Golf club head

Abstract

A golf club head of this invention includes a face, a plurality of score line grooves formed on the face, and a plurality of striations formed on the face. The angle formed by an arrangement direction of the plurality of striations and the score line grooves is between 40 degrees and 70 degrees, inclusive, as viewed clockwise from a toe side end of the score line grooves.

Description

This is a divisional of application Ser. No. 11/941,465, filed Nov. 16, 2007. The entire disclosure of the prior application, application Ser No. 11/941,465, is hereby incorporated by reference.

BACKGROUND OF THE INVENTION

1. Field of the Invention

The present invention relates to a golf club head.

2. Description of the Related Art

The face of a golf club head include a plurality of grooves, known as marking lines, score lines, or face line grooves (hereinafter referred to as score line grooves), which affect the spin amount on a ball. It is desirable to have the grooves on an iron club head, especially a wedge, in order to increase the spin amount on the ball. The surface roughness of the face also influences the spin amount of a ball. Japanese Patent No. 3,000,921 discloses a golf club head in which a plurality of fine grooves are formed on the face in addition to the score line grooves.

A wedge gold club head such as a sand wedge or approach wedge is used with the face perpendicular to a target direction, with the face open, or with the face closed. For example, when a player wants to hit a ball high, he or she generally uses the golf club with the face open. When the player wants to roll a ball, he or she generally uses the golf club with the face closed. When the face is directed perpendicularly to the target direction or is open, the larger spin amount of the ball is desirable, and particularly when the face is open, the large spin amount of the ball is desirable.

SUMMARY OF THE INVENTION

It is an object of the present invention to provide a golf club head which can obtain the larger spin amount of a ball.

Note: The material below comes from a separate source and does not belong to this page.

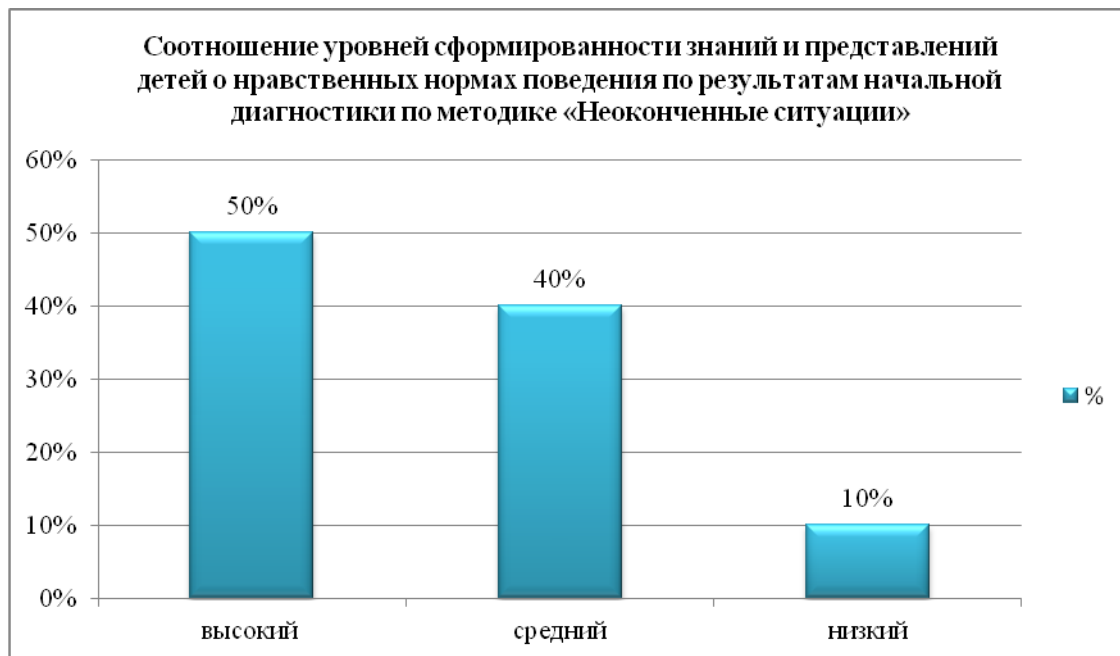
Рис. 1. Соотношение уровней сформированности знаний и представление детей о нравственных нормах поведения

Соотношение уровней сформированности знаний и представлений детей о нравственных нормах поведения представлено в рисунке 1.

According to the present invention, there is provided a golf club head comprising a face, a plurality of score line grooves formed on the face, and, a plurality of striations formed on the face, wherein an angle formed by an arrangement direction of the plurality of striations and the score line grooves is between 40 degrees and 70 degrees, inclusive, as viewed clockwise from a toe side end of the score line grooves.

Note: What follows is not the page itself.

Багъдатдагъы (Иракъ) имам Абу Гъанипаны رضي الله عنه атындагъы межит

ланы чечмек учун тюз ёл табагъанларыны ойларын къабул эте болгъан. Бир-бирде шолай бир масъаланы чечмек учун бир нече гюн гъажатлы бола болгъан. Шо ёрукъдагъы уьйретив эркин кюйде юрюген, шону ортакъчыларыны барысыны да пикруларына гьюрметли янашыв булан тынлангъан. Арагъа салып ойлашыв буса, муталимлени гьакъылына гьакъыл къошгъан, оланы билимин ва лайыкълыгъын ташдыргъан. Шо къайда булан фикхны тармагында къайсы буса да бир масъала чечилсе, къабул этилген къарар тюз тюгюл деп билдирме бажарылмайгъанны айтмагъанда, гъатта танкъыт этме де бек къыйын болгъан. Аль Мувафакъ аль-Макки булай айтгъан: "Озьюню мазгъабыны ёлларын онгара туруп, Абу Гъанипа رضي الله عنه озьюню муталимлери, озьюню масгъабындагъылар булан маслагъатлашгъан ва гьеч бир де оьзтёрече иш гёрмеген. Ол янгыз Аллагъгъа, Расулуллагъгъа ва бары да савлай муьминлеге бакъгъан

In the golf club head of the present invention, since the plurality of striations are formed, the friction force between the ball and the face can increase and the larger spin amount of the ball can be obtained. In addition, the angle between the arrangement direction of the plurality of striations and the score line grooves is between 40 degrees and 70 degrees, inclusive, as viewed clockwise from a toe side end of the score line grooves. With this arrangement, when the golf club is used with the face open, spin can be easily imparted to the ball, and the larger spin amount can be obtained.

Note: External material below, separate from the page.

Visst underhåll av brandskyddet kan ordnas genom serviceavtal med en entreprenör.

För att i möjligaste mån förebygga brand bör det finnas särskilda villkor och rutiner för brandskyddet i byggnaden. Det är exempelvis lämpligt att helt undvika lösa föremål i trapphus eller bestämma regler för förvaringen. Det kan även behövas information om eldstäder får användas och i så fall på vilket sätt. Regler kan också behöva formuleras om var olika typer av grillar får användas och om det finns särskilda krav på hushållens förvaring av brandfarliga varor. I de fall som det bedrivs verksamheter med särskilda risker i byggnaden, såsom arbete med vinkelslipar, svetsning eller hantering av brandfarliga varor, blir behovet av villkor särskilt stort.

According to the present invention, there is provided a golf club head comprising, a face, and a plurality of striations formed on the face, wherein when the golf club head is placed on a horizontal plane at a defined lie angle and a defined loft angle, an angle formed by an arrangement direction of the plurality of striations and a horizontal direction parallel to the face is between 40 degrees and 70 degrees, inclusive, as viewed clockwise from a toe side end of the golf club head.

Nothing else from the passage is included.